*Goal of the exercise*. Write out exactly the lines below starting at the one containing "出玉に関してはチバリヨから+" and ending at the one containing "JELENS RC01 Foldable". Omit every picture.

=====

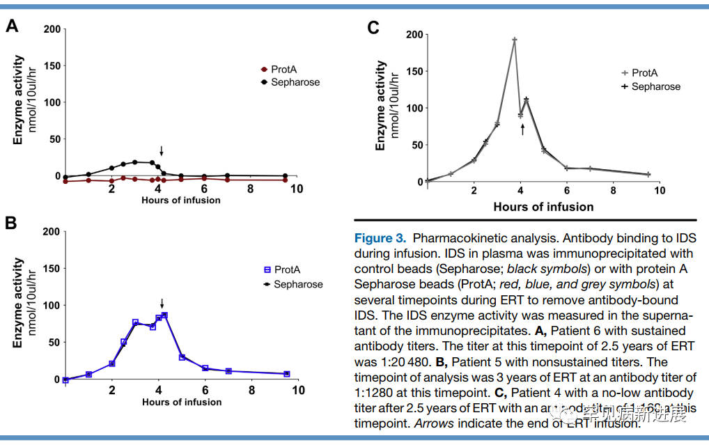 在抗体滴度水平变化的三种类型中,各选择1例患者进行了药代动力学分析。如图3-A所示,代表抗体水平稳定居高类型的患者6,在接受ERT治疗的3小时后IDS活性达峰值水平。如图3-B,代表的抗体水平不稳定型的患者5,在不同抗体水平下基本保持稳定的IDS活性,表明在ERT治疗中,疗效可能并未受到抗体的限制;这一情况和始终处于较低抗体水平的患者4,表现一致(图3-C)。以曲线下面积比较,患者6最小,说明其循环抗体结合并抑制了人源重组IDS的疗效。
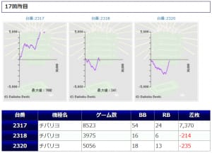 出玉に関してはチバリヨから+6,121枚、+4,865枚、+4,862枚、番長ZERO+7,771枚、+7,300枚、+4,145枚、鳳凰天翔+5,052枚、+4,058枚、+4,046枚と、チバリヨ・番長ZERO・鳳凰天翔が目立つ結果となりました。
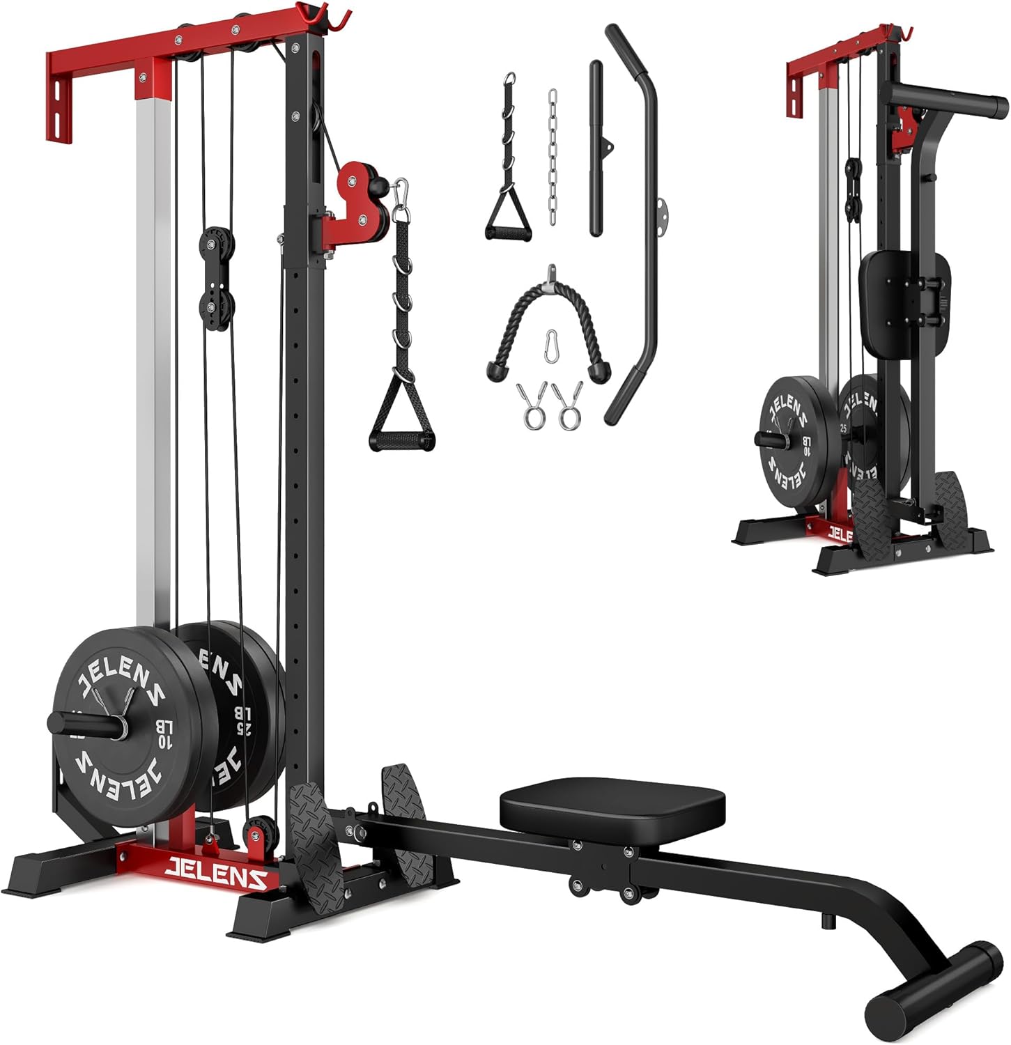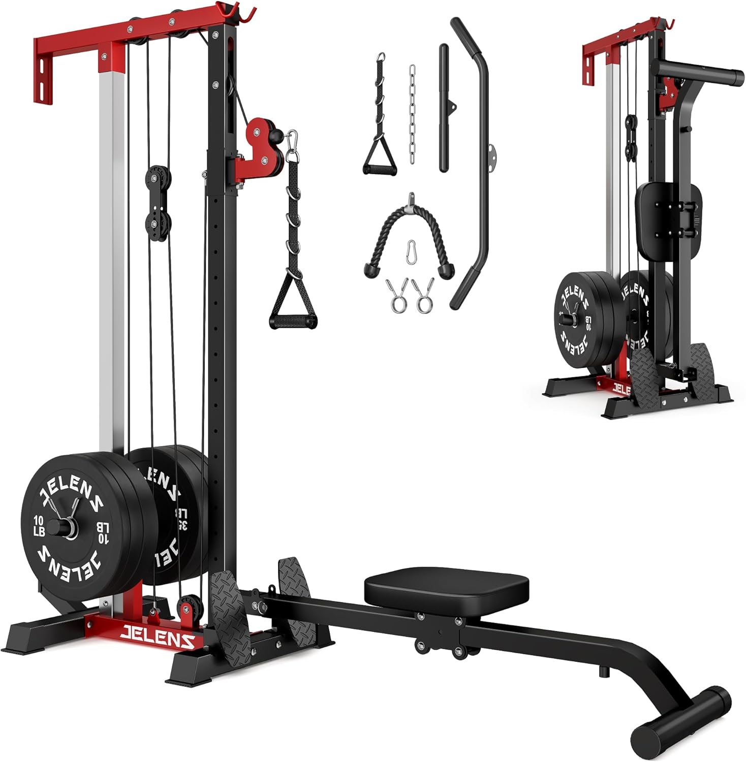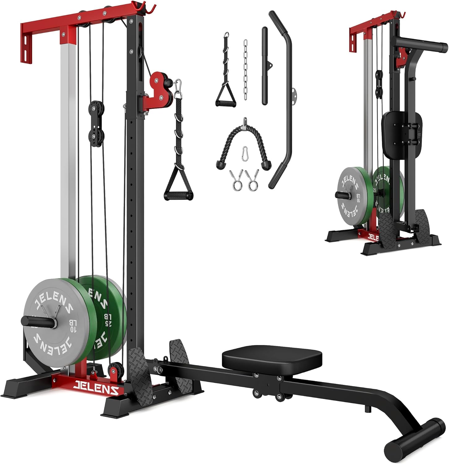JELENS RC01 Foldable LAT Pulldown Machine with Adjustable seat, Wall Mount Cable Station with 16 Adjustable Positions, Cable Machine Home Gym 2 in 1, Functional Trainer with Rowing and LAT Pulldown
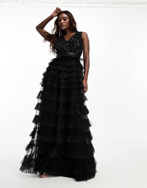 Beauut - Sort udsmykket maxikjole med V-hals og lagdelt nederdel
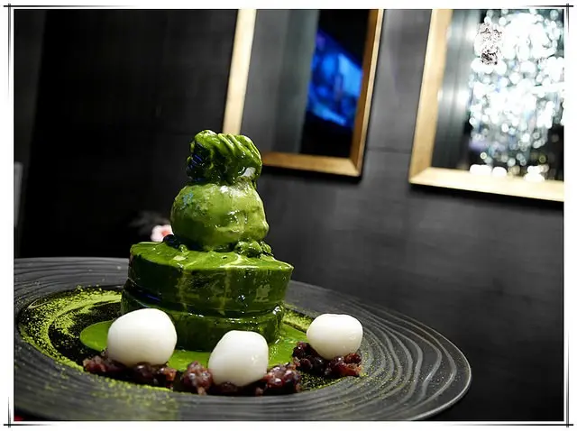 抹茶醬非常濃郁味道清香但有點偏苦,
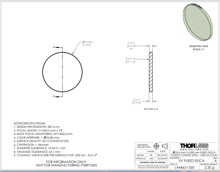 Thorlabs索雷博     LA4663-1550   平凸透镜
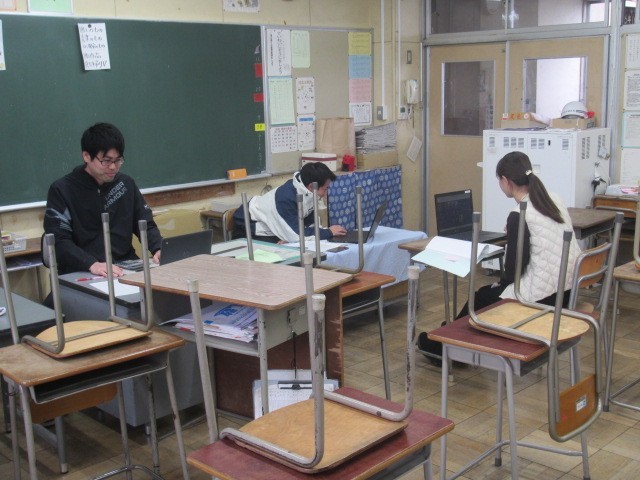6年生も1組に集まりこんな感じでオンライン学活が行われていました。

=====

*Answer space*.
 出玉に関してはチバリヨから+6,121枚、+4,865枚、+4,862枚、番長ZERO+7,771枚、+7,300枚、+4,145枚、鳳凰天翔+5,052枚、+4,058枚、+4,046枚と、チバリヨ・番長ZERO・鳳凰天翔が目立つ結果となりました。
JELENS RC01 Foldable LAT Pulldown Machine with Adjustable seat, Wall Mount Cable Station with 16 Adjustable Positions, Cable Machine Home Gym 2 in 1, Functional Trainer with Rowing and LAT Pulldown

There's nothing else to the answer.